The European Parliament adopted a resolution in December calling for Nord Stream 2 to be cancelled. One hundred members of the parliament wrote a letter to Angela Merkel accusing her of splitting Europe by sticking to Nord Stream 2. “Choose the European way,” they wrote, “not the ‘Germany first’ way.”
Hence it is Berlin that has increasingly isolated itself in Europe over this issue. With its stubborn refusal to take seriously the worries of large numbers of Europeans that Vladimir Putin’s regime could use the additional deliveries of Russian gas as a political tool to divide and blackmail European countries, Berlin is discrediting its much-repeated passionate commitment to multilateralism, which it claims to uphold globally against Donald Trump’s unilateral capriciousness.
The stereotype is that the German government has always pointed out that Nord Stream 2 is purely an economic matter. But experts calculate that the commercial success of the pipeline project is highly doubtful. They say that the cost of implementing it is now three times more than the official cost. Nord Stream 2 could turn into a massive loss for Gazprom. Nevertheless, the Kremlin is sticking to it with all its might – another sign that it sees the project primarily as a means of extending its influence in Europe.
For that matter, Berlin likes to emphasize that it is making its support of Nord Stream 2 dependent on Russian assurances to maintain the transit of gas through Ukraine, which otherwise would not just suffer significant financial losses but also lose a bargaining chip against further intensification of Russian aggression. Particularly in light of the current situation in which Russia is trying to economically suffocate Ukraine in the Sea of Azov, the unwavering adherence to the German-Russian gas deal is an especially disastrous signal.

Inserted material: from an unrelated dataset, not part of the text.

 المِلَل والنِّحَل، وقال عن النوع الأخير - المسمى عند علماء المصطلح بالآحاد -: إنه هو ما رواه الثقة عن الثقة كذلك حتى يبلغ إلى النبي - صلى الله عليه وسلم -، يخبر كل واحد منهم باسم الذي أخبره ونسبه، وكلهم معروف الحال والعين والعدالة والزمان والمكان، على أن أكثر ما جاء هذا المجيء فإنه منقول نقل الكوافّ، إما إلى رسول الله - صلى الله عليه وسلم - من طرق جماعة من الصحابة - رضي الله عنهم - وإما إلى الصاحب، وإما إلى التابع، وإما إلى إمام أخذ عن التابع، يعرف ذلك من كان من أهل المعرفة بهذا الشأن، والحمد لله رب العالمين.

Putin has not allowed Berlin to induce him to pay more than lip service that Russian gas will continue to be delivered through Ukraine so long as it is economical. His reference to the criterion of economic viability makes it very clear that the matter is subject to his arbitrariness.

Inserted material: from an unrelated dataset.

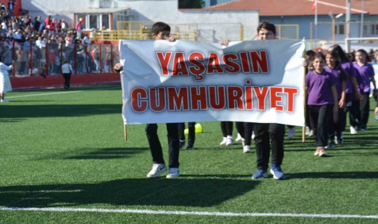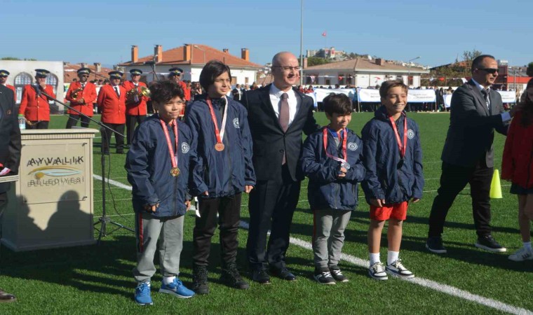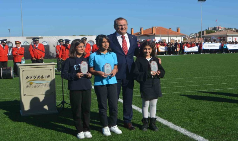 Hüsnü Uğural Stadyumu’nda; Ayvalık Anadolu Lisesi (AYAL) okul idarecileri, öğretmenleri ve öğrenciler tarafından düzenlenen törende; Ayvalık Kaymakamı Hasan Yaman ve Ayvalık Belediye Başkanı Mesut Ergin’in öncülüğündeki protokol üyeleri stadı adeta hınca hınç dolduran vatandaşların Cumhuriyet Bayramı’nı kutladı, büyük coşkuya ortak oldu.

Dressing up the continuance of Nord Stream 2 as an act of resistance against Trump’s geopolitical hubris is altogether misleading. There is cross-party consensus in the U.S. Congress that Western investors are to be prevented from investing in the Kremlin-controlled Russian oil and gas industry – especially among the forces that want to strengthen the transatlantic alliance and see Russia’s policy of aggression as an imminent threat to Western democracy as a whole.
By passing the Defending American Security from Kremlin Aggression Act, which contains the threat of sanctions in this regard, Congress has even made legal provisions to prevent Trump from making deals on his own with Putin at the expense of Western allies. If Germany undermines the West’s united front against Putin, this weakens Trump’s transatlantically minded domestic opponents, not Trump himself.
The fact that Trump seems to be taking an unusually hard line against Moscow is doubtless because he thinks in terms of economic advantage. It is no secret that the U.S. wants to massively increase its share of the European energy market. But reducing American resistance to Russian energy dominance in Europe to the motivation of the U.S. wanting to stop an annoying competitor like Russia in order to force more expensive American liquid gas on the Europeans is a demogogic contraction of the problem.
The fact that the pressure from Washington has been brought to the fore at all in this way is not due to American malice. Rather, it is because Germany’s unquestioned dependence on Russia has cornered an array of European partners, whose only hope now of stopping the fateful Nord Stream 2 is pressure from U.S. sanctions.